Sensitivity analysis

Among health economists the FC method is considered to reflect best the societal productivity costs and was therefore chosen for the reference case.30,31 In order to adjust for several assumptions that were made in calculating the reference case, sensitivity analyses were performed. Firstly, FC were extended for total and not exclusive AS related sick leave. Secondly, costs were reanalysed when questionnaires were missing by considering the number of days of sick leave to be equal to no sick leave and also by assuming the patient was on sick leave during the entire missing period. Thirdly, the length of sick leave in patients who were absent from work for six months or longer during the two years of follow up was replaced by the mean duration of sick leave in the remaining patients of that country, and in a following analysis the same was done for patients reporting more than three months of sick leave. In a last sensitivity analysis, country-specific production values (adjusted for part time work or partial work disability for each individual patient) were used instead of patient reported income. Eurostat data on income per working day as well as data from each country's national bureau of statistics were used because data differed according to the different sources.

RESULTS

Patients

In total, 135 Dutch, 54 French, and 27 Belgian patients with AS started the study. Of the initial 137 Dutch patients, sampled from the standard diagnosis register of rheumatic diseases, two did not fulfil radiological criteria for AS and were therefore not included. In the course of the two years' follow up, five Dutch, one French, and one Belgian patient dropped out of the study.

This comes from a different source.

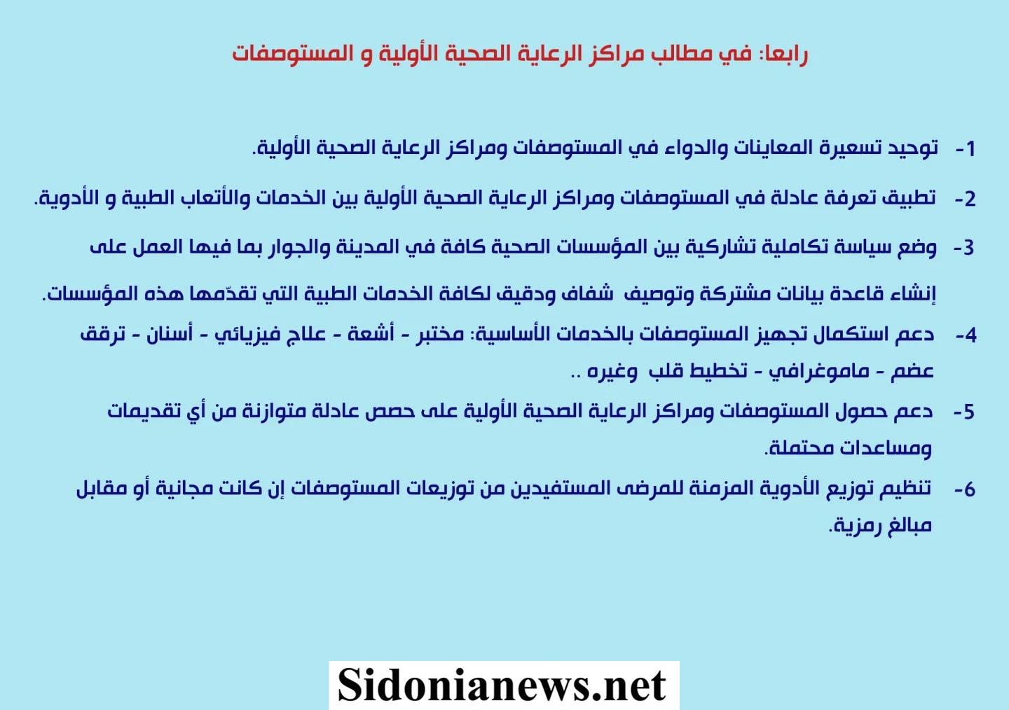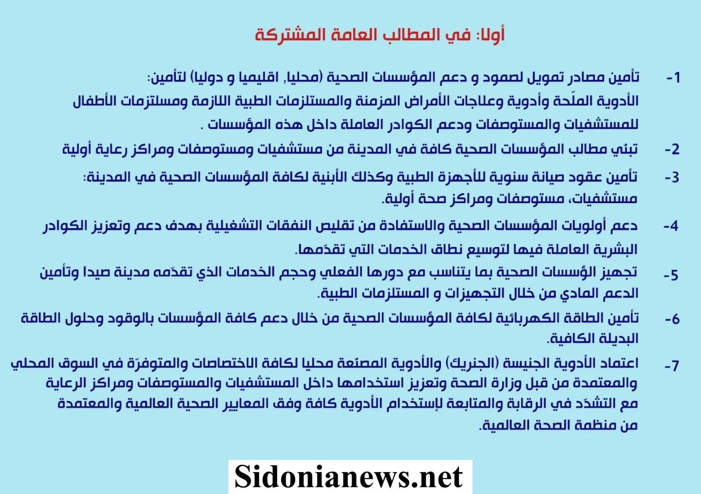 تمحورت هذه المطالب والتوصيات على أهمية دعم صمود المؤسسات الصحية كافة في المدينة من خلال التجهيزات و المستلزمات الطبية و تطوير الأقسام الموجودة مع إستحداث أقسام جديدة وفق الحاجة.

Of the five Dutch patients who ended the study prematurely, one was a housewife, one an elderly retired man, and the other three were male patients with full work disability because of AS. The French patient was a 39 year old man with a part time job and partial work disability. The Belgian patient was a 34 year old woman working full time. All patients who completed the two years' follow up had answered at least nine of 12 questionnaires. Table 1 presents the sociodemographic characteristics of patients who completed the study. Dutch patients were somewhat older, had on average a lower educational level, and reported worse physical function (BASFI). Belgian patients less often had peripheral arthritis. Of the French patients, fewer had a manual job and none of these patients had concomitant inflammatory bowel disease.

Table 1

Baseline characteristics of patients with AS completing the study

Work status and sick leave

Table 2 presents the baseline socioeconomic status of all completers. Including the patients with incomplete follow up did not change the results significantly (maximal difference of 1% with the presented figures, data not shown). Employment in NL is lower and work disability higher than in both other countries (χ2, p<0.05). In the course of the two years' follow up, one Dutch, three French, and one Belgian patient received a new official work disability status, and in two of the Dutch patients the disability level was increased. In the Dutch group two elderly patients retired as did two in the French and one in the Belgian group.

Table 2

Economic activity at baseline per country for patients with AS completing the study. Results are shown as number (%)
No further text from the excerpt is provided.